Location privacy in MobiShare

Abstract

This work focuses on providing privacy in MobiShare, which is a location-based service that assists users in searching and sharing files. A user’s mobility profile is summarization of its raw mobility data in terms of GPS coordinates and timestamps. Mobility profile is denoted in terms of places visited by the user, with their arrival and departure times for every day. MobiShare takes users’ raw mobility data to compute mobility profiles. It stores phone number of the users, phone number of their social contacts, and the meta data of the files to be shared. In the current architecture of MobiShare, the cloud learns about locations, social contacts, and files of the users. For preserving privacy of the users, we redefine architecture of MobiShare. The new architecture neither takes users’ raw mobility data nor their mobility profiles. All the locations are stored on the phone itself. This is equivalent to personal data vault, fully in control of the user. The sharing of mobility profiles among the users is done in a privacy preserving way via the cloud. In other words, the cloud never learns about users’ locations.

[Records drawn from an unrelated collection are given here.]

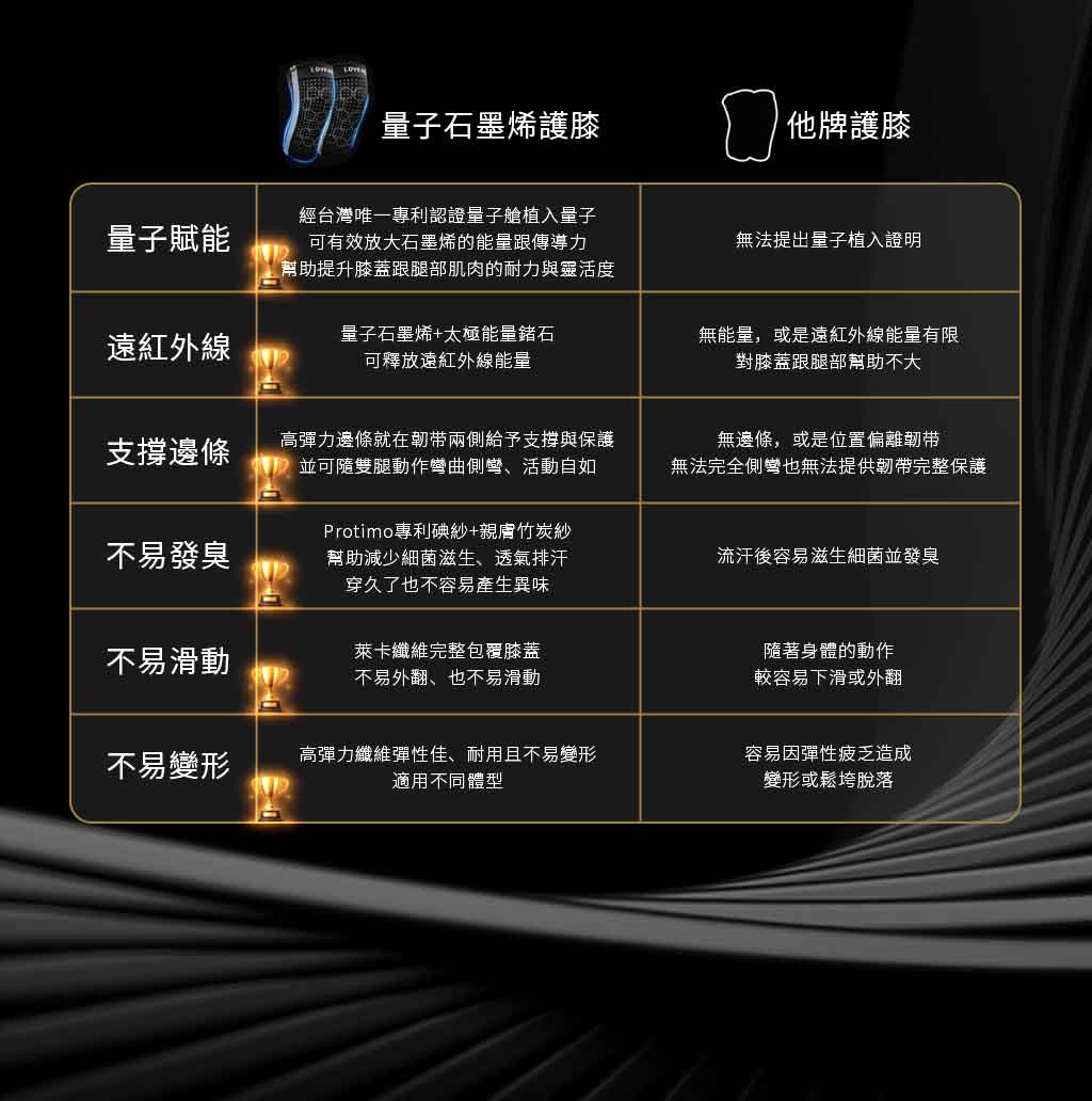 ♕一百多年來,多位物理學家因為量子力學相關研究榮獲諾貝爾物理學獎,而2022年獲獎的「量子糾纏」,也讓許多人開始努力將存在於宇宙間的量子能量運用在各種生活用品上,讓更多人因此受惠!♕經台灣唯一專利認證量子艙植入量子,是真正具有量子能量的機能性護膝。♕MIT台灣製造,買得放心!用得安心!♕專屬禮盒包裝,送禮自用兩相宜!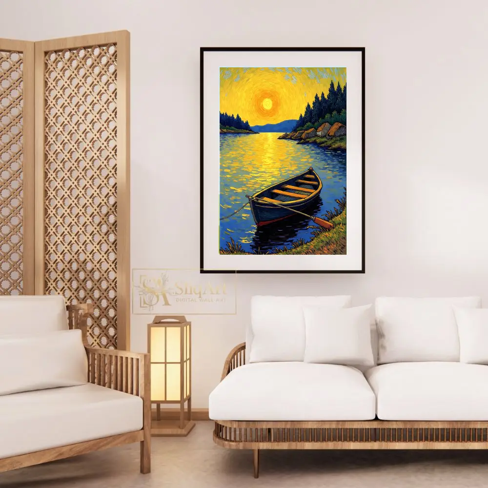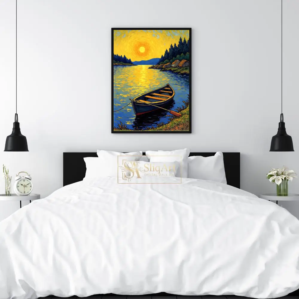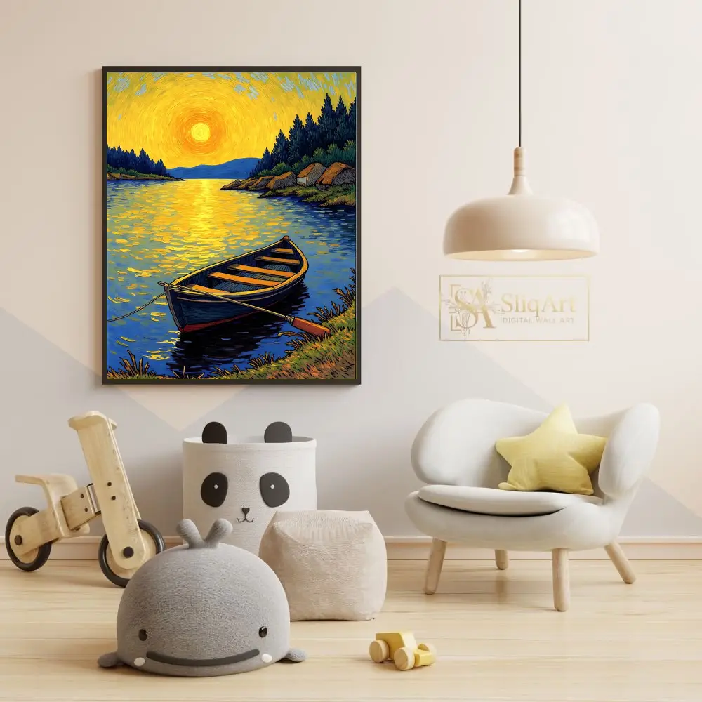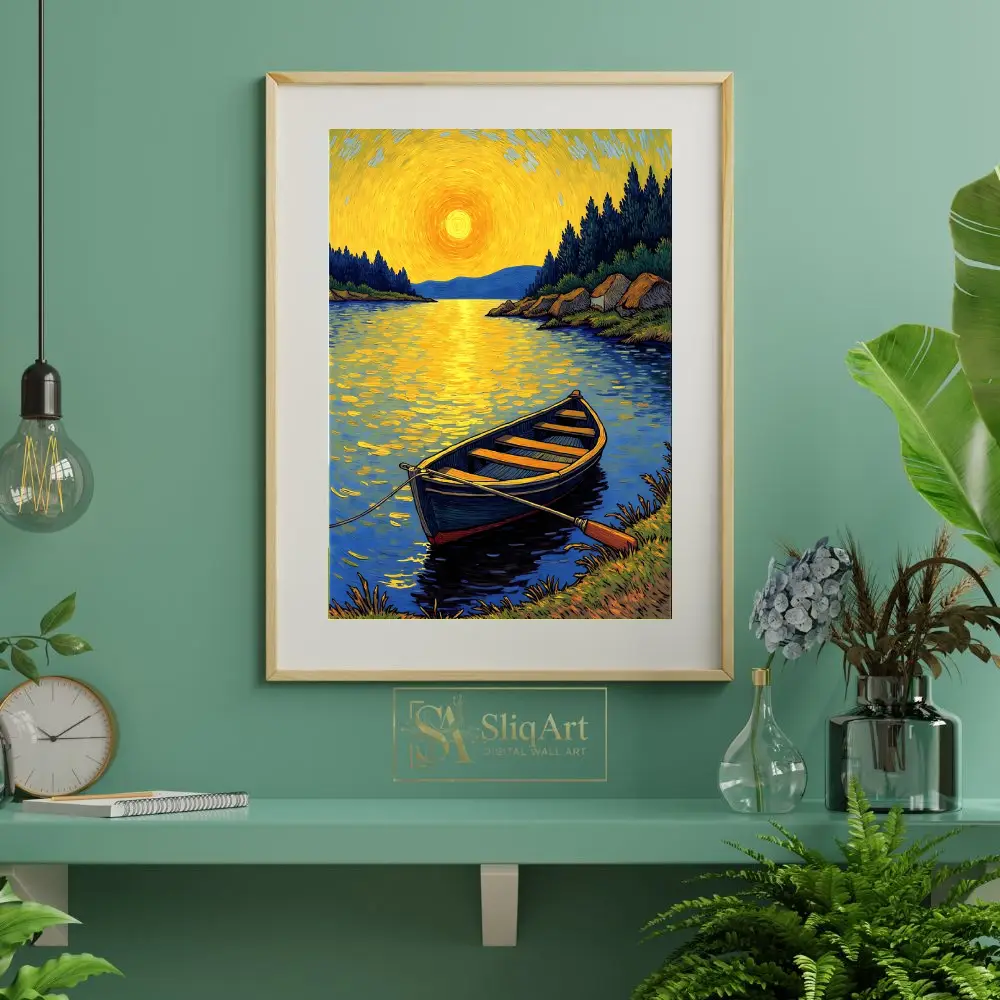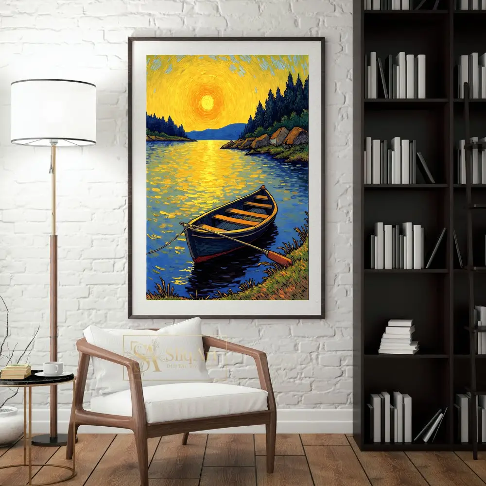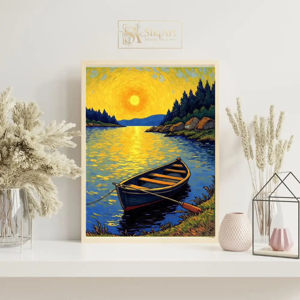 Golden Hour Serenity captures the tranquil beauty of a lone rowboat moored on a shimmering lake at sunset. Rendered in a stunning Post-Impressionist style reminiscent of Vincent van Gogh, this piece features bold, swirling brushstrokes that bring the golden sky and cool blue waters to life.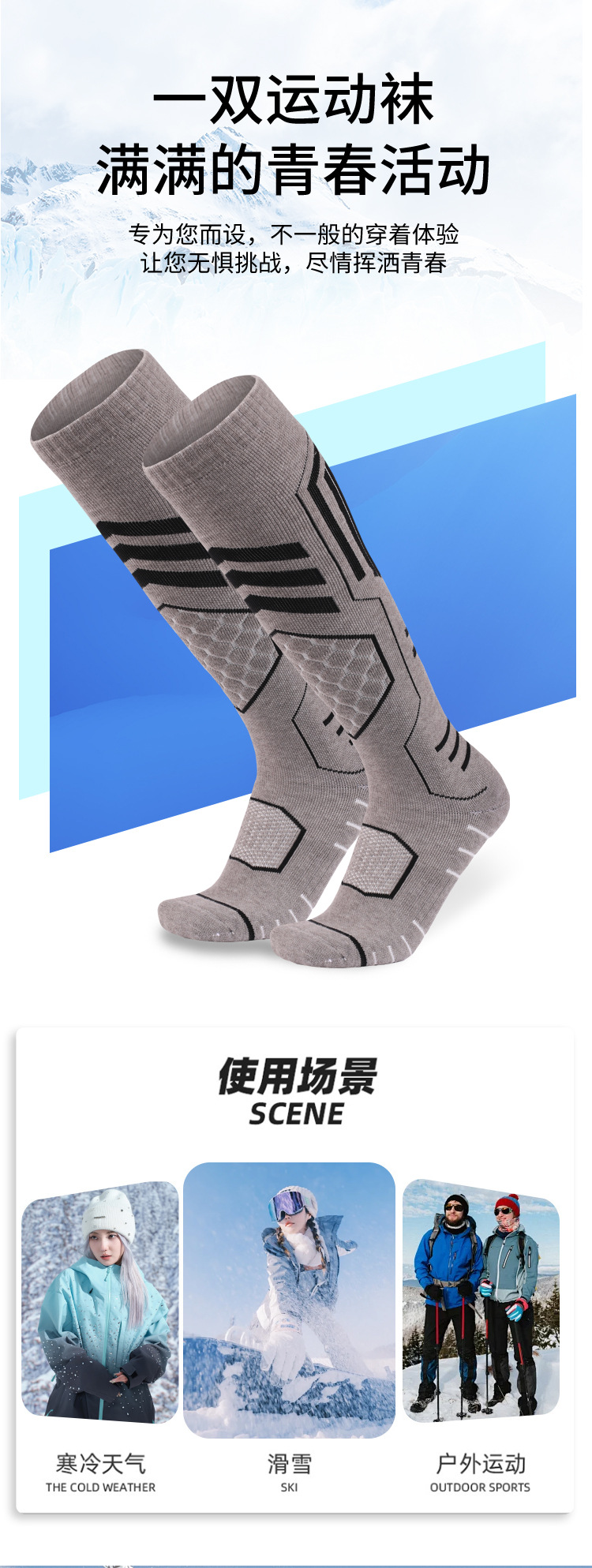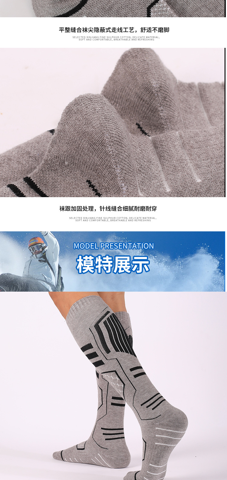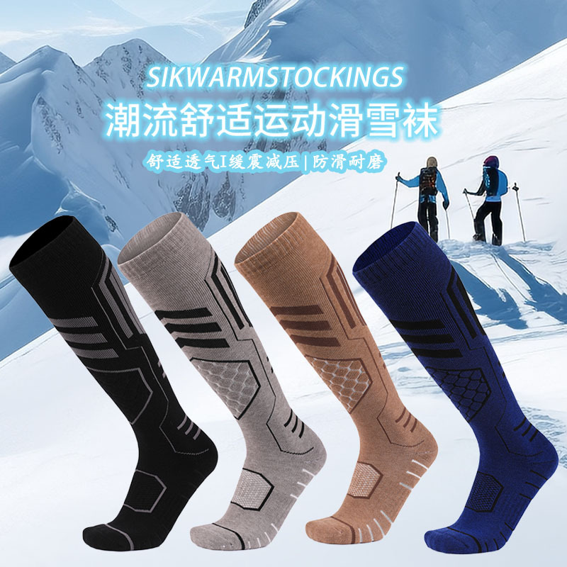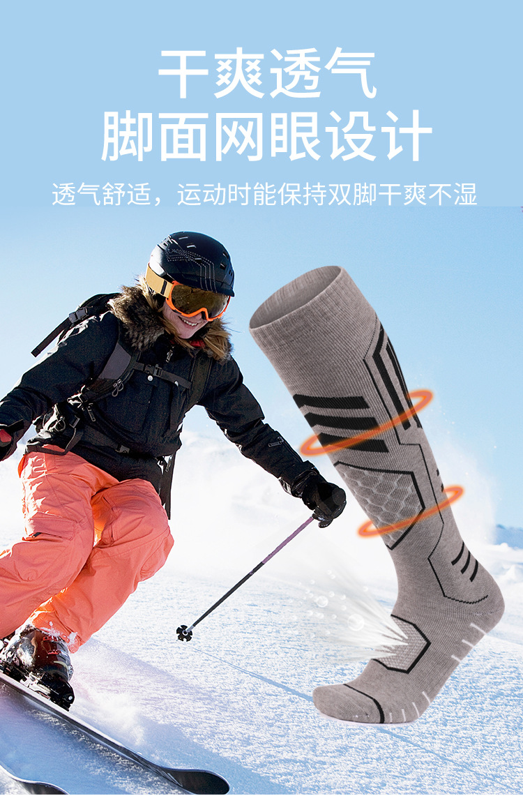 美利奴羊毛袜冬季保暖吸汗袜子男高筒袜防滑滑雪袜加厚毛巾底女袜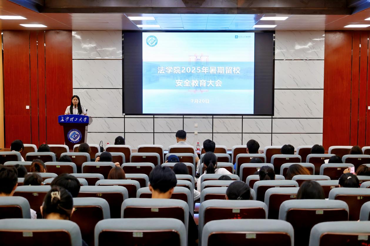 为进一步强化学生安全防范意识,规范留校安全管理,7月20日下午3点,法学院在金盆岭校区四号教学楼报告厅举行暑期留校安全教育大会。学院党委副书记汪伦、本科生党支部书记孙佳乐和全体暑期留校学生参会,研究生辅导员曾宇欣主持会议。会上,曾宇欣就暑期留校相关事宜进行了细致讲解,明确了留校期间的日常管理规范。她... 【2025-07-20】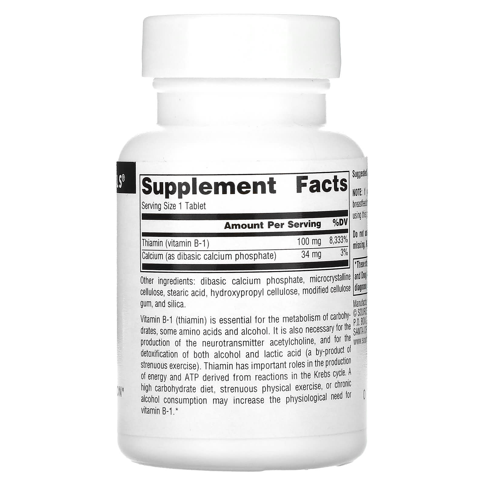 Source Naturals B-1 Tiamina 100 Comprimidos – Source Naturals Suplementos Vitaminas Vitamina B.
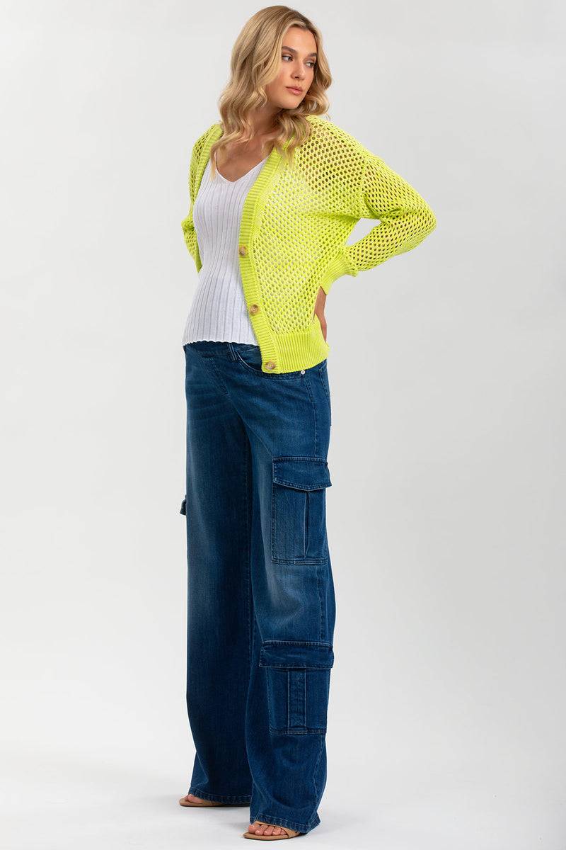 Cardigan premaman a rete con maniche lunghe e spalla scesa. Questa trama con effetto semi-trasparente lo rende molto confortevole e adattabile nella vestibilità grazie anche al filato che è particolarmente morbido. Scollo a V e chiusura con bottoni lo rendono facile da indossare. Perfetto per un look casual chic. Completa il look top con il top BLONDIE.

We propose two models: Partial Privacy Preserving Model and Full Privacy Preserving Model. In the first model, contacts learn about actual location information of the user. In the second model, the user share his/her mobility profile without even disclosing it to the contact. We borrow Paillier homomorphic encryption technique [8, 13] so that a user can share the mobility profile for the purpose of finding rendezvous point without disclosing the actual profile. This encryption is done once for a user and there is no need to repeat this for different contacts. We report the overhead of introducing these Privacy Preserving Models on Android phone. The cloud never learns the phone number of the users, who are not participating in using MobiShare. This provide social privacy. In future work, we will work on preserving privacy of what files users are sharing.